Definition at line 46 of file objtype.c.

{
    PGUID ObjectTypeGuid;
    ULONG ObjectTypeIndex;
    USHORT Level, PrevLevel;
    SIZE_T Size;
 
    /* Ensure we do not hit an integer overflow */
    Size = ObjectTypeListLength * sizeof(OBJECT_TYPE_LIST);
    if (Size == 0)
    {
        DPRINT1("The object type list is too big, integer overflow alert!\n");
        return STATUS_INVALID_PARAMETER;
    }
 
    _SEH2_TRY
    {
        /* Ensure we can actually read from that list */
        ProbeForRead(ObjectTypeList, Size, sizeof(ULONG));
 
        /* Begin looping for each object from the list */
        for (ObjectTypeIndex = 0;
             ObjectTypeIndex < ObjectTypeListLength;
             ObjectTypeIndex++)
        {
            /* Get the level of this object and check for validity */
            Level = ObjectTypeList[ObjectTypeIndex].Level;
            if (Level > ACCESS_MAX_LEVEL)
            {
                DPRINT1("Invalid object level found (level %u, at index %lu)\n", Level, ObjectTypeIndex);
                _SEH2_YIELD(return STATUS_INVALID_PARAMETER);
            }
 
            /* Are we past the first position in the list? */
            if (ObjectTypeIndex != 0)
            {
                /* Ensure that we do not have two object roots */
                if (Level == ACCESS_OBJECT_GUID)
                {
                    DPRINT1("This list has two roots (at index %lu)\n", ObjectTypeIndex);
                    _SEH2_YIELD(return STATUS_INVALID_PARAMETER);
                }
 
                /*
                 * Ensure the current level is consistent with the prior level.
                 * That means, if the previous object is the root (denoted by the
                 * level as ACCESS_OBJECT_GUID aka 0) the current object must
                 * be a child of the parent which is the root (also called a
                 * property set).

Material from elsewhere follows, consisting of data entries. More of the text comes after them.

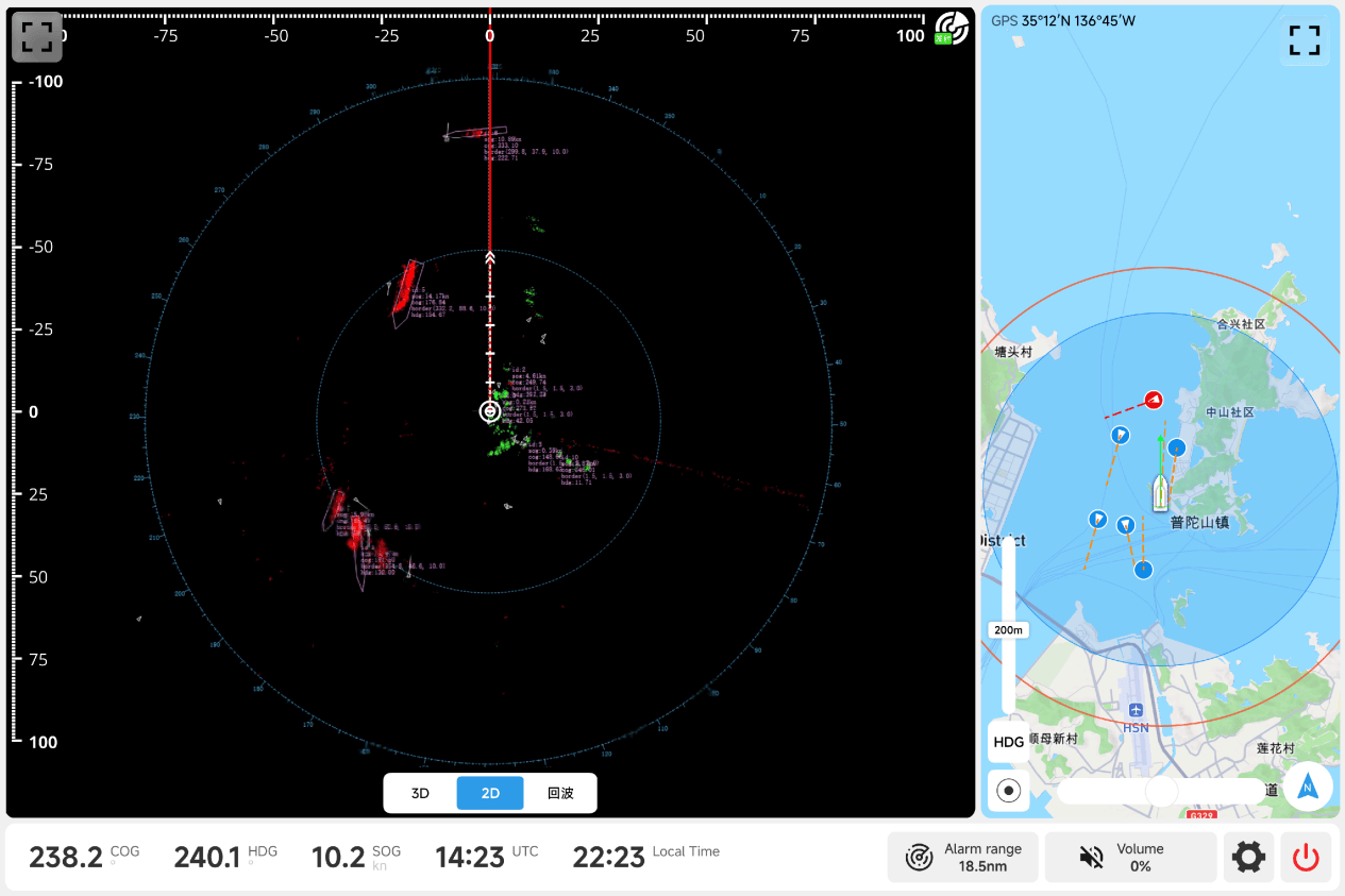特别值得一提的是,传统感知设备不仅存在以上性能短板,还高度依赖人工操作与判断,难以适配未来智能航运的发展需求。波粒航海4D成像近程小目标雷达系统的射频和滤波等关键参数无需船员手动调节,目标捕获与跟踪等功能也完全实现自动化,从而让船员更专注于高价值决策。系统搭配的HMI显示单元无缝对接雷达前端,能够实时渲染并直观呈现海量4D原始点云。内置3D数字孪生引擎,全天候提供多目标动态跟踪与精准碰撞预警。
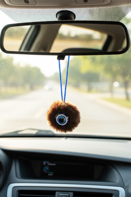 Bring playful charm and powerful protection to your car or space with this unique Evil Eye hanging. The centerpiece is a classic deep blue glass Evil Eye medallion (Nazar), which is framed by soft, plush dark brown faux fur, giving it a warm, cozy, and distinctive look. This piece beautifully blends traditional symbolism with a fashionable, tactile design. It is suspended by a sturdy blue cord, allowing for easy display in your car rearview mirror, home entryway, or anywhere you need a touch of luck and softness. This delightful and meaningful accessory makes an ideal gift for anyone who appreciates unique, charming, and protective decor.
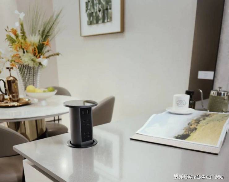 春晓园作为一个年轻的产品,深谙年轻人心理。在厨房配置的升降插座也非常实用,不仅安全不占用空间,而且还可以为手机无线充电。
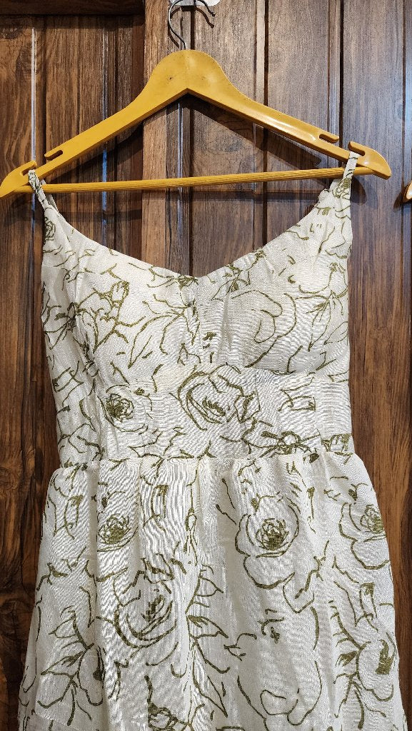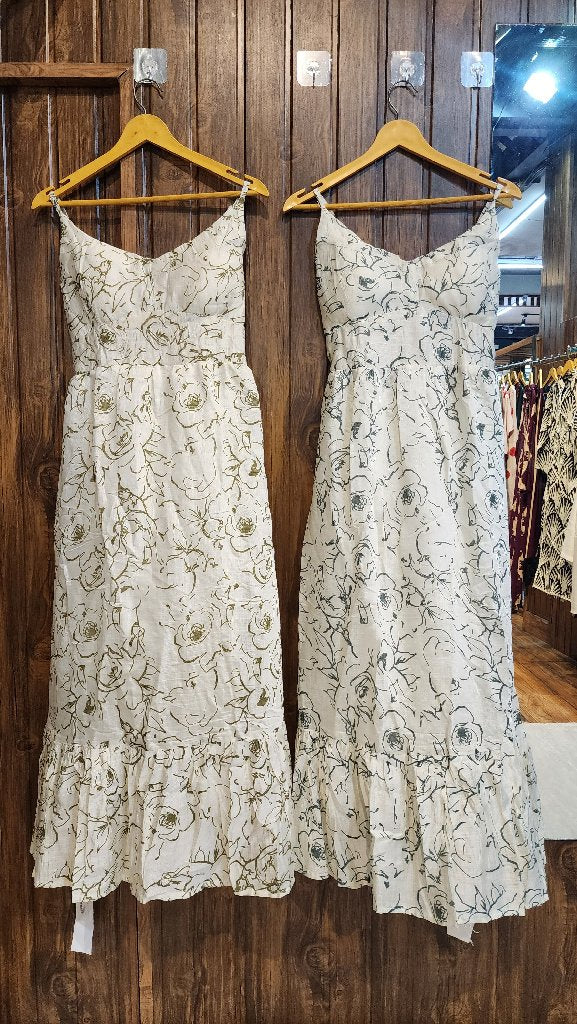 A beautiful floral print maxi dress featuring a delicate design with spaghetti straps and a flared hem. Perfect for summer outings or casual gatherings, this dress combines elegance with comfort.
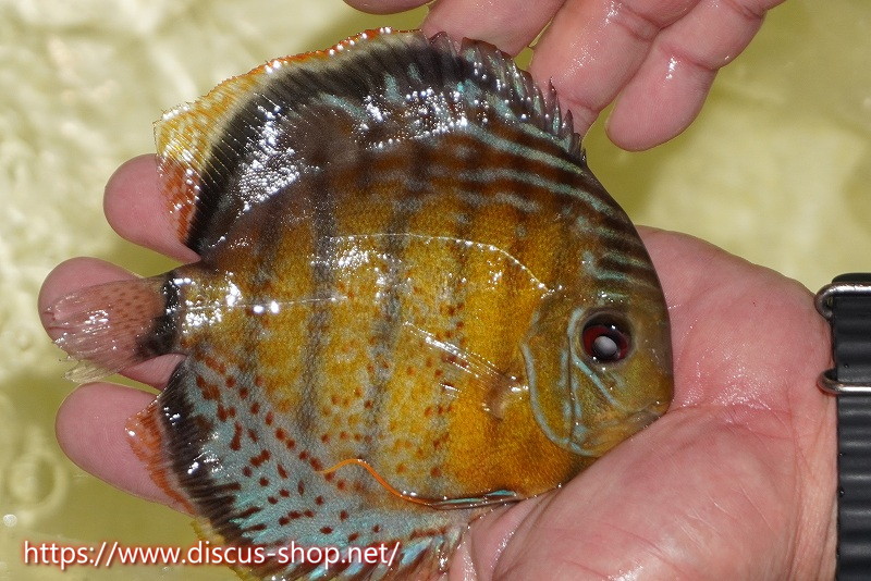 グリーンディスカスの中でも最もバリエーションが豊富でラージスポットタイプ、スポットラインタイプをはじめ、ロイヤルラインタイプなどの極上個体。またベースカラーの黄色、ホリゾンタルラインの青み、スポットの赤と最もカラフルな種となります。仕上がれば改良品種顔負けのど派手なパターンを持つ魅力的な産地の個体となります。
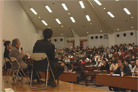 4月19日(木)10:50-12:20、本学3201教室において天野祐吉氏、佐藤可士和氏 客員教授就任記念授業が行なわれました。当日は「現代世界と人間」(原宏之准教授担当)の履修者を中心に約200名の学生が出席し、熱心に聴講しました。 「大学を語る、大学が変わる」というテーマで、まず原准教授が現代世界におけるコミュニケーションの欠落を指摘。それを受け、雑誌『広告批評』の発行人でもある天野祐吉客員教授は、広告という観点から人間が行なうコミュニケーション活動の根幹を解き明かし、あわせて広告が必然的に“イカサマ”を孕むことにも注意を喚起しつつ、世の中に流布される情報をよく読み取りその中の虚実を見分ける目の必要を、学生に対し真剣に説きました。 一方、アートディレクターとして活躍中の佐藤可士和客員教授は、世の中の問題の多くはコミュニケーションの障害であると指摘した上で、みずからの仕事の快感をそういったコミュニケーション障害を鮮やかに解決することにあると説明。手がけた様々な企業の広告や本学ブランディングプロジェクトの舞台裏を明かしながら、プロフェッショナルの仕事の中に現れるコミュニケーションの極意を具体的に教授しました。 これまでも大学の講演会などではたびたび話をされたお二人ですが、当日はそれとはやや趣を異にして、まさに客員教授として登壇。19世紀以降21世紀までを見通した文明論的枠組みの中で、広告とデザインとコミュニケーションの問題を自在に論じました。 対談のようなくつろいだ雰囲気の中で、時おり学生に対する具体的なアドバイスなども交えながら行なわれた授業は、就任記念にふさわしい刺激的かつ充実したものでした。 |
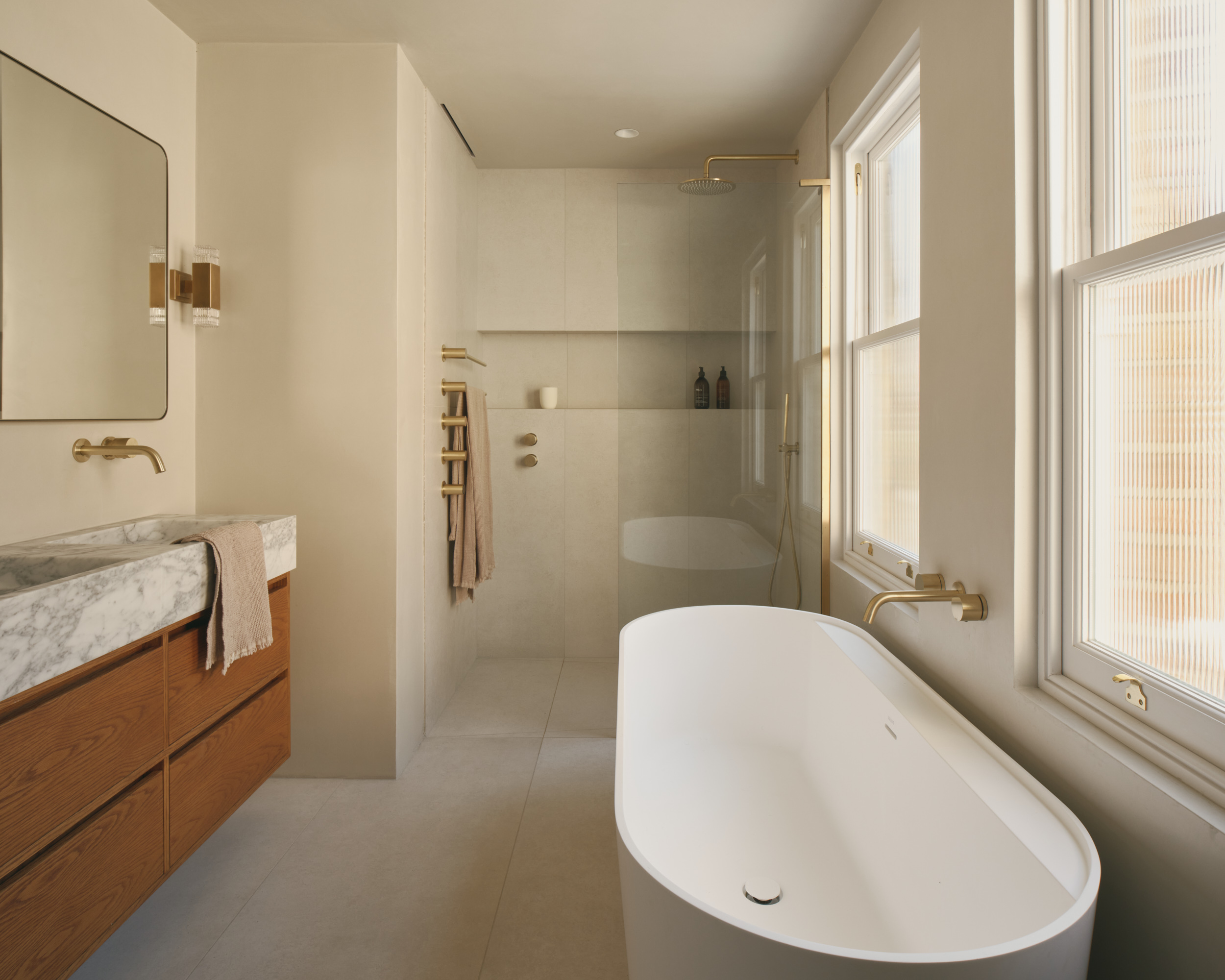 Materials are central to everything we do. We are constantly thinking about how surfaces look, feel, and perform, and how they interact with light and space. Natural stone, timber, plaster, metals, and bespoke finishes dominate our palette, but we also enjoy exploring unconventional materials that bring surprise and delight.

Whereas a property is a sibling of the
                 * child, the property set.
                 */
                if (Level > PrevLevel + 1)
                {
                    DPRINT1("The object levels are not consistent (current level %u, previous level %u, at index %lu)\n",
                            Level, PrevLevel, ObjectTypeIndex);
                    _SEH2_YIELD(return STATUS_INVALID_PARAMETER);
                }
            }
            else
            {
                /* This is the first position so the object must be the root */
                if (Level != ACCESS_OBJECT_GUID)
                {
                    DPRINT1("The object is not the root at first index!\n");
                    _SEH2_YIELD(return STATUS_INVALID_PARAMETER);
                }
            }
 
            /* Get the object type and check that we can read from it */
            ObjectTypeGuid = ObjectTypeList[ObjectTypeIndex].ObjectType;
            ProbeForRead(ObjectTypeGuid, sizeof(GUID), sizeof(ULONG));
 
            /*
             * Cache the level, we need it to ensure the levels between
             * the previous and the next object are consistent with each other.
             */
            PrevLevel = Level;
        }
    }
    _SEH2_EXCEPT(EXCEPTION_EXECUTE_HANDLER)
    {
        _SEH2_YIELD(return _SEH2_GetExceptionCode());
    }
    _SEH2_END;
 
    return STATUS_SUCCESS;
}

Referenced by SeCaptureObjectTypeList().

SeReleaseObjectTypeList()

VOID SeReleaseObjectTypeList	(	_In_ _Post_invalid_ POBJECT_TYPE_LIST_INTERNAL	CapturedObjectTypeList,
		_In_ KPROCESSOR_MODE	PreviousMode
	)

Releases a buffer list of object types.

Parameters

[in]	CapturedObjectTypeList	A list of object types to free.
[in]	PreviousMode	Processor access level mode.

Definition at line 378 of file objtype.c.

{
    PAGED_CODE();
 
    if ((PreviousMode != KernelMode) && (CapturedObjectTypeList != NULL))
    {
        ExFreePoolWithTag(CapturedObjectTypeList, TAG_SEPA);
    }
}

Referenced by SepAccessCheck(), and SepAccessCheckAndAuditAlarm().